Segment Start: Supplied data

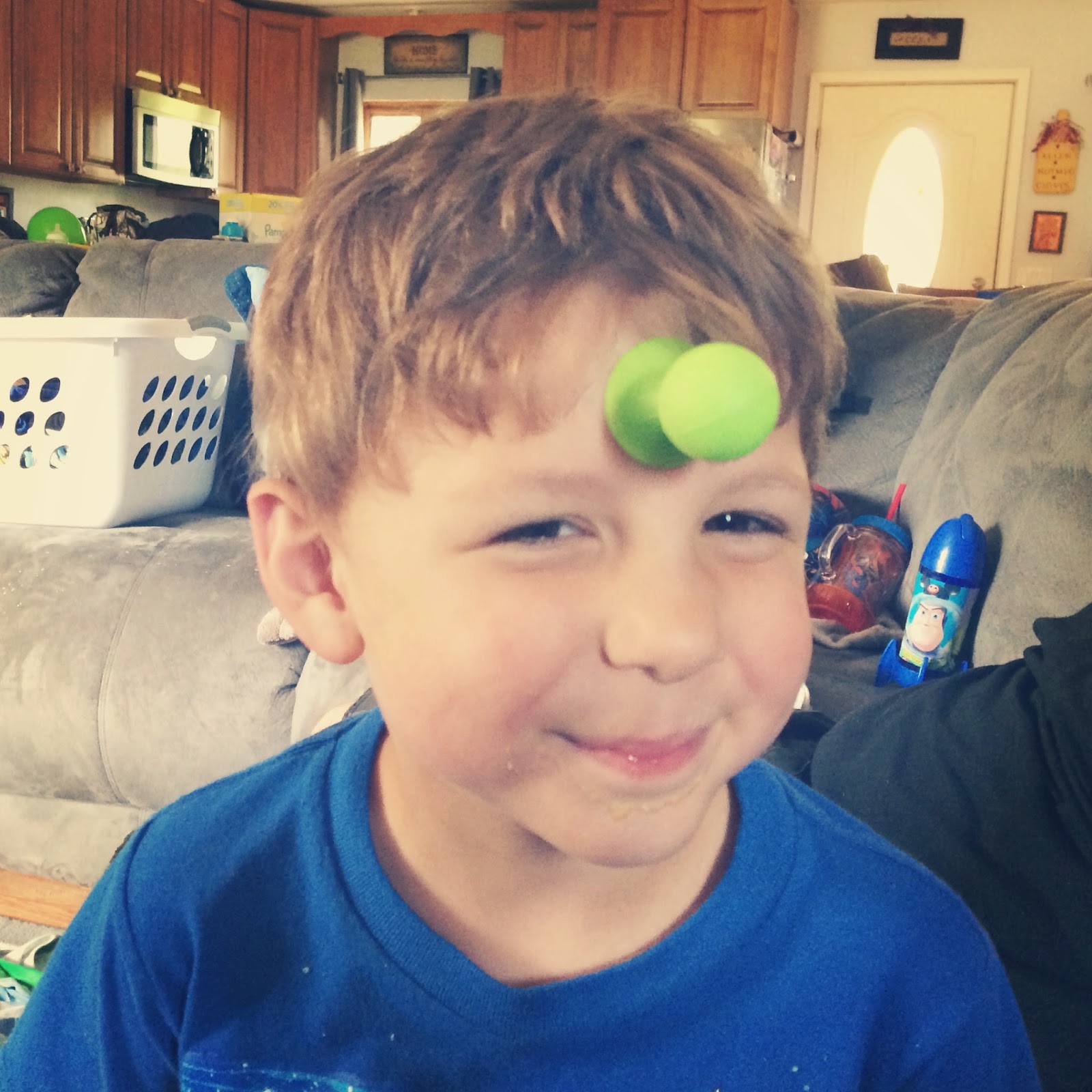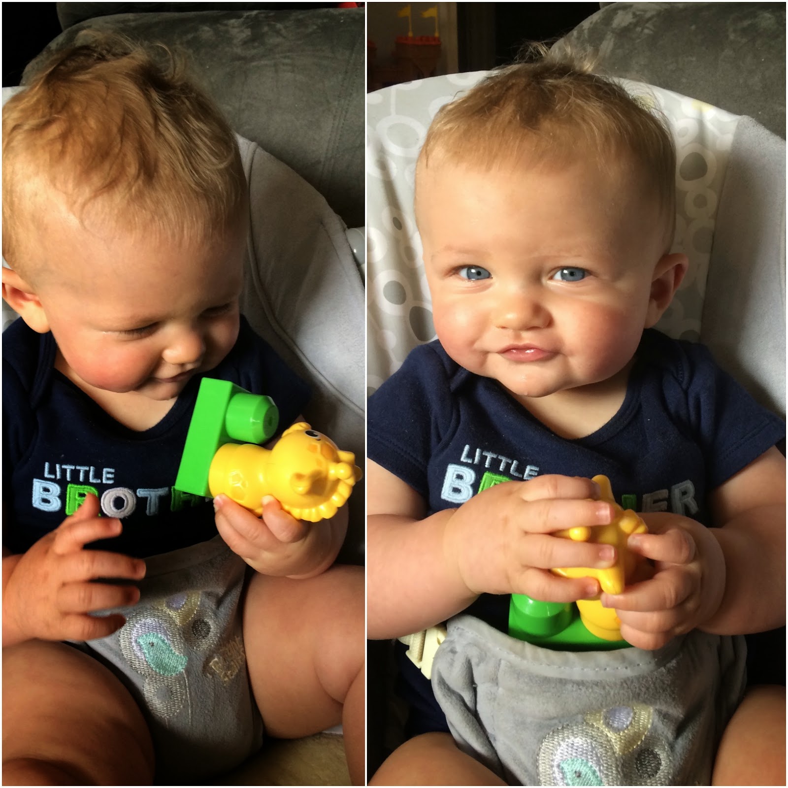 Another fun item in the box was Squigz!  I wish there was more than one, so Lincoln could stick them together…rather than on his head, hah!
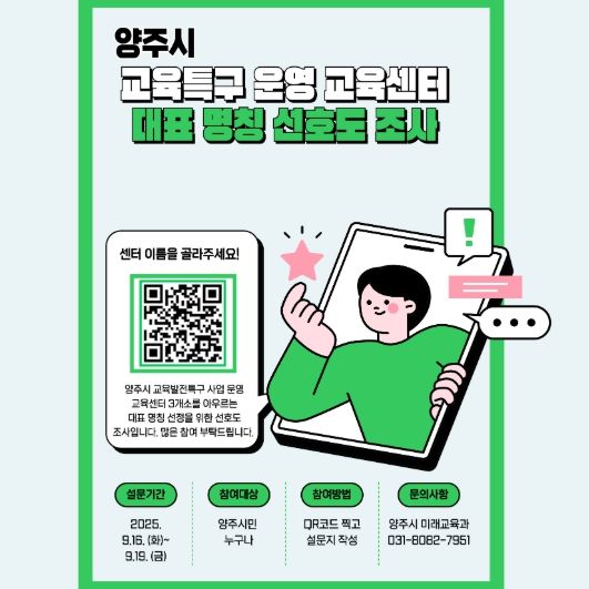 설문 후보로는 ▲양주 아이 배움숲 : 배움이 숲처럼 확장되는 공간, ▲양주 드림온(DREAM ON) 센터 : 꿈을 이어가며 발전하는 거점, ▲양주 드림 아이(DREAM-i) 센터 : 꿈꾸는 아이들의 상징, ▲양주 꿈자람센터 : 꿈이 자라나는 교육·돌봄터, ▲양주 미래 ON센터 : 미래를 켜는 성장 공간 등 5개 명칭을 제시했으며, 조사 결과를 바탕으로 오는 19일 최종 명칭을 확정한다.
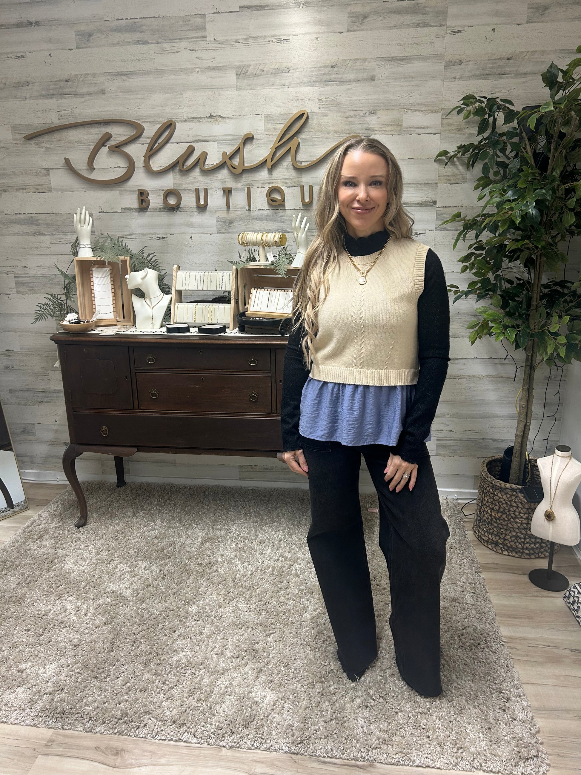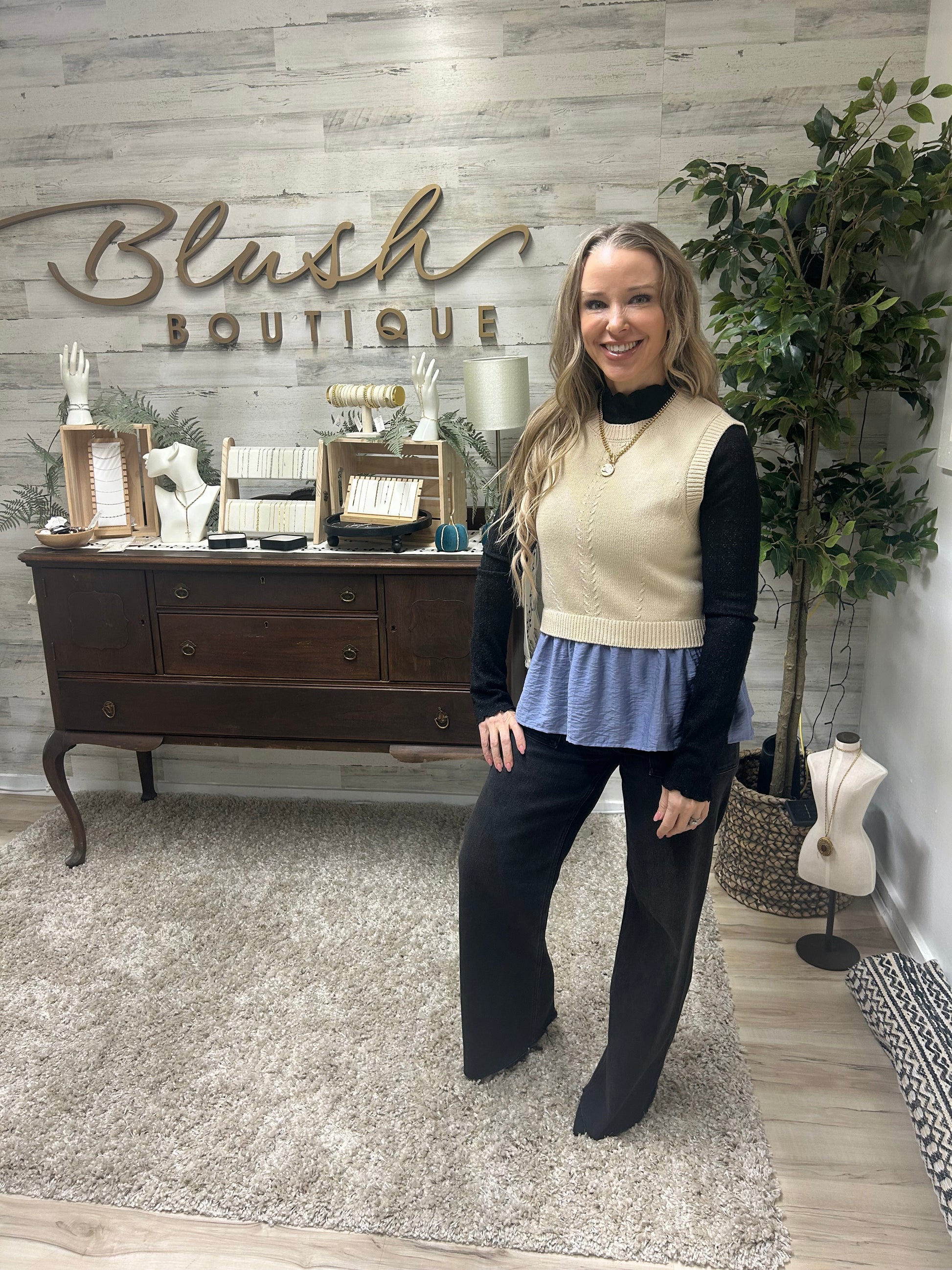 Our Denim Days Layered Knit Top blends cozy and casual in one chic piece. Featuring a soft sleeveless knit sweater design with a lightweight, flowy denim accent for a layered look without the bulk. Perfect for transitioning seasons - pair it with wide leg denim or sleek black trousers for effortless style that's polished yet playful.
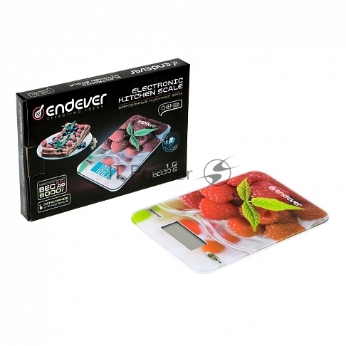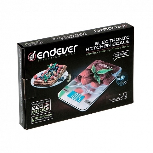 Кухонные весы Endever Chief-506 Цена деления — 1 г, Ситема мер в килограммах, граммах, ЖК дисплей.
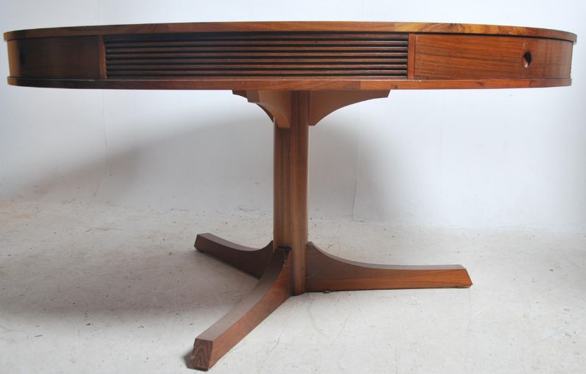 A mid century retro Robert Heritage for Archie Shine large drum shaped dining table. The round top with three frieze drawers interspersed with horizontal reeding and being raised on a tripod base

Segment End: Supplied data

◆ Instructions for the task ◆
Output verbatim the lines beginning at the line with "Кухонные весы Endever" and ending at the last line of the material above, inclusive. Do not carry over any pictures.

◆ Worked solution ◆
 Кухонные весы Endever Chief-506 Цена деления — 1 г, Ситема мер в килограммах, граммах, ЖК дисплей.
 A mid century retro Robert Heritage for Archie Shine large drum shaped dining table. The round top with three frieze drawers interspersed with horizontal reeding and being raised on a tripod base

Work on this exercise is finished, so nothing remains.